A finite group with three nilpotent subgroups

Question

Suppose $G$ is a finite group with subgroups $H_i\leq G$, for $i\in\{1,2,3\}$, such that

• $H_i$ is nilpotent for all $i\in\{1,2,3\}$,
• if $i,j\in\{1,2,3\}$ are distinct then $\text{gcd}([G:H_i],[G:H_j])=1$.

Prove that $G$ is nilpotent.

Answer 1

We show each Sylow $p$-subgroup is normal.

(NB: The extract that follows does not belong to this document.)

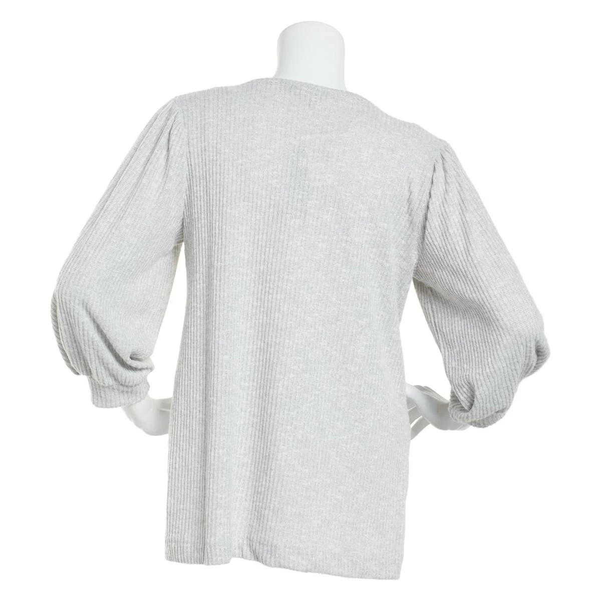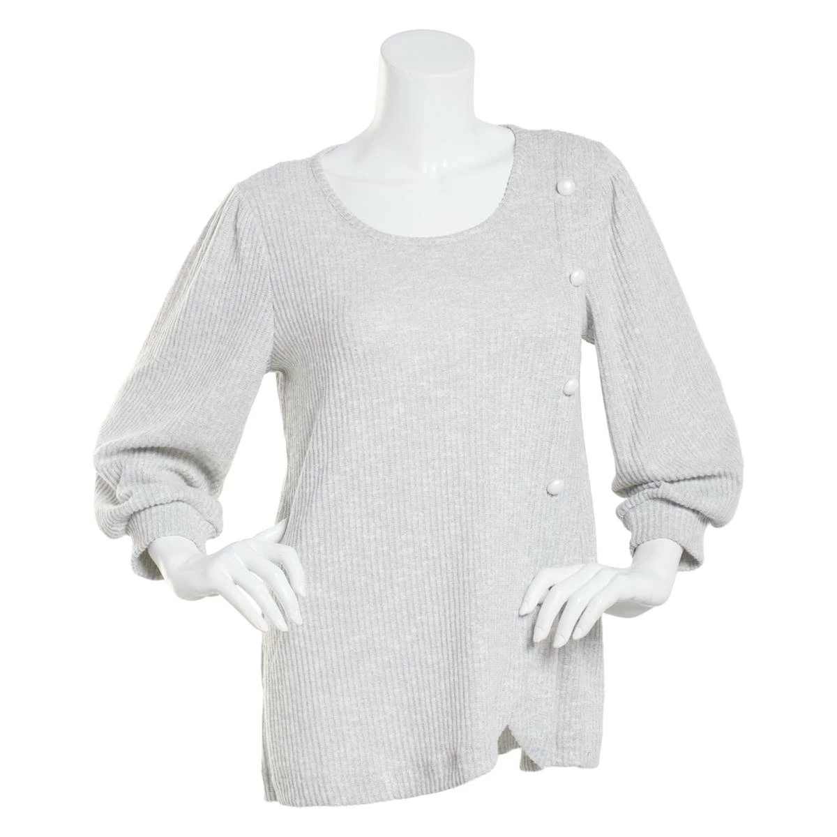 The Womens Adrienne Vittadini asymmetrical pearl hacci sweater features a round neckline and 3/4 sleeves. Great for a dinner date night in those cold temperatures. Grab some dark denim and bold booties – you’re golden.
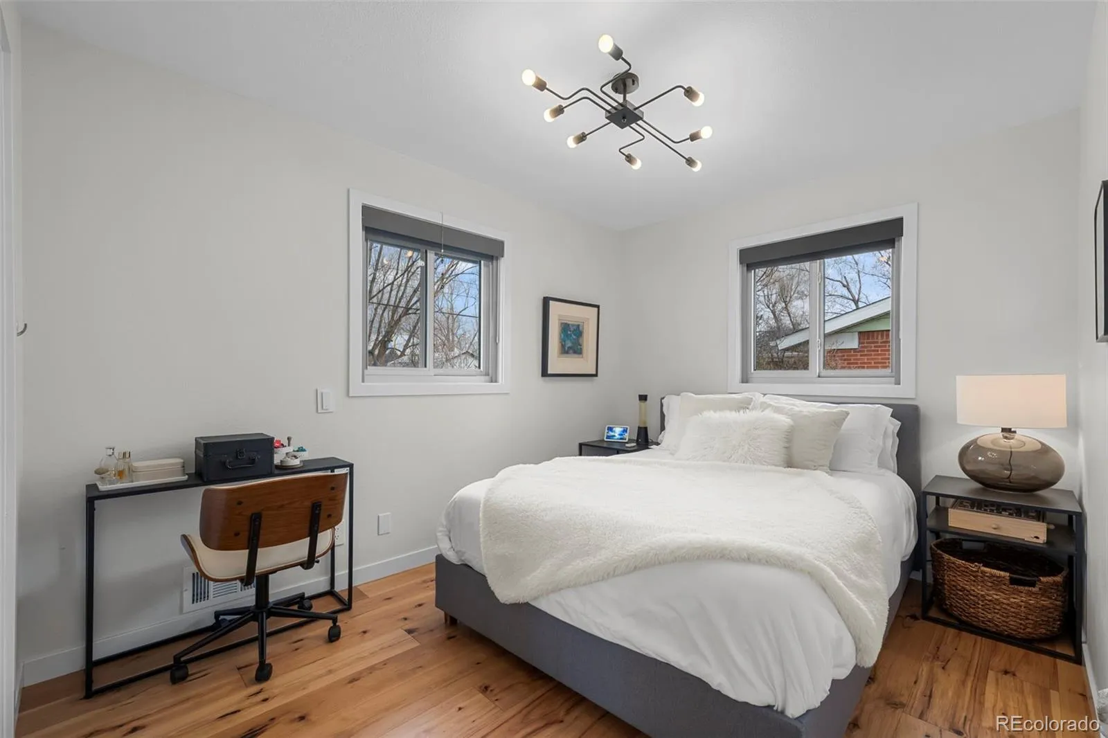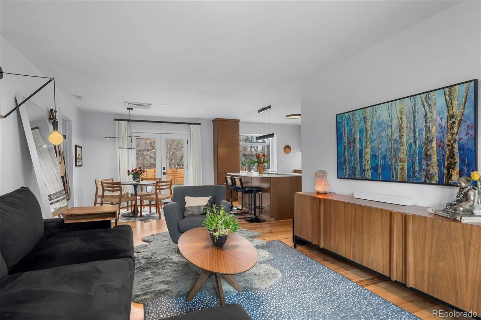 Love Where You Live in this beautifully updated mid-century modern, ranch-style home, offering exceptional value in Boulder. With striking modern curb appeal featuring a sleek black brick exterior and new front and garage doors, this home makes a memorable first impression. Perfectly situated on one of the neighborhood’s premier lots, the property backs to Martin Park and the Bear Creek Path, showcasing stunning west-facing Flatiron views and just a short walk to top-rated Creekside Elementary. Inside, the extensively renovated main-level shines with new hickory wood flooring & a thoughtfully redesigned chef’s kitchen complete with rich walnut-toned soft-close cabinetry, quartz countertops, center island with seating, and high-end appliances including a Bosch induction cooktop and Samsung Smart Refrigerator. The inviting living room features a stylish electric fireplace and custom designer lighting thru-out. Three well-sized bedrooms on the main-level, along with an expanded and beautifully updated full bath offering a double-sink vanity & additional storage. Step outside to a fully fenced backyard retreat with a spacious flagstone patio – perfect for relaxing or entertaining while enjoying the views. The fully finished basement adds valuable living space, including a family room, flexible exercise/bonus room, powder bath, 4th bedroom, a spacious work from home space/5th bedroom, and updated bath with double sinks and walk-in shower. Additional updates include a newer roof and windows. Unbeatable location within walking distance to Martin Park, Creekside Elementary, Under the Sun, Southern Sun Brewery, Whole Foods, King Soopers, Sweet Cow, and more. Easy access to Pearl Street, CU Boulder, and a convenient commute to Denver. Don’t miss this opportunity to enjoy the very best of Boulder living!

Let $p$ be a prime dividing $|G|$. Since the $[G:H_i]$ are relatively prime, $p$ can only divide one of the $[G:H_i]$. Let $\{i,j,k\} =\{1,2,3\}$ and let $P_j$ be a Sylow $p$-subgroup of $H_j$. Since $p$ does not divide $[G:H_j]$, $P_j$ is also a Sylow $p$-subgroup of $G$. Similarly, let $P_k$ be a Sylow $p$-subgroup of $H_k$ and conclude it is a Sylow $p$-subgroup of $G$. By Sylow's theorem, some conjugate of $H_k$ (WLOG $H_k$ itself) contains $P_j$, so (by the same WLOG) we can take $P=P_j=P_k$. Since both $H_j$ and (that conjugate of) $H_k$ are nilpotent, $P$ is normal in both $H_j$ and (that conjugate of) $H_k$. Let $q$ be a prime dividing $|G|$. Since $\gcd([G:H_j],[G:H_k])=1$, $q$ divides at most one of $[G:H_j],[G:H_k]$, so one of $H_j$, (that conjugate of) $H_k$ contains a Sylow $q$-subgroup $Q$ of $G$. Since both $H_j$ and $H_k$ are nilpotent, we get that $Q$ normalizes $P$. Hence the normalizer $N=N_G(P)$ of $P$ in $G$ contains a Sylow $q$-subgroup of $G$ for every prime divisor $q$ of $G$, so $[G:N_G(P)]$ is not divisible by any prime $q$, so $N_G(P)=G$ and $P$ is normal in $G$.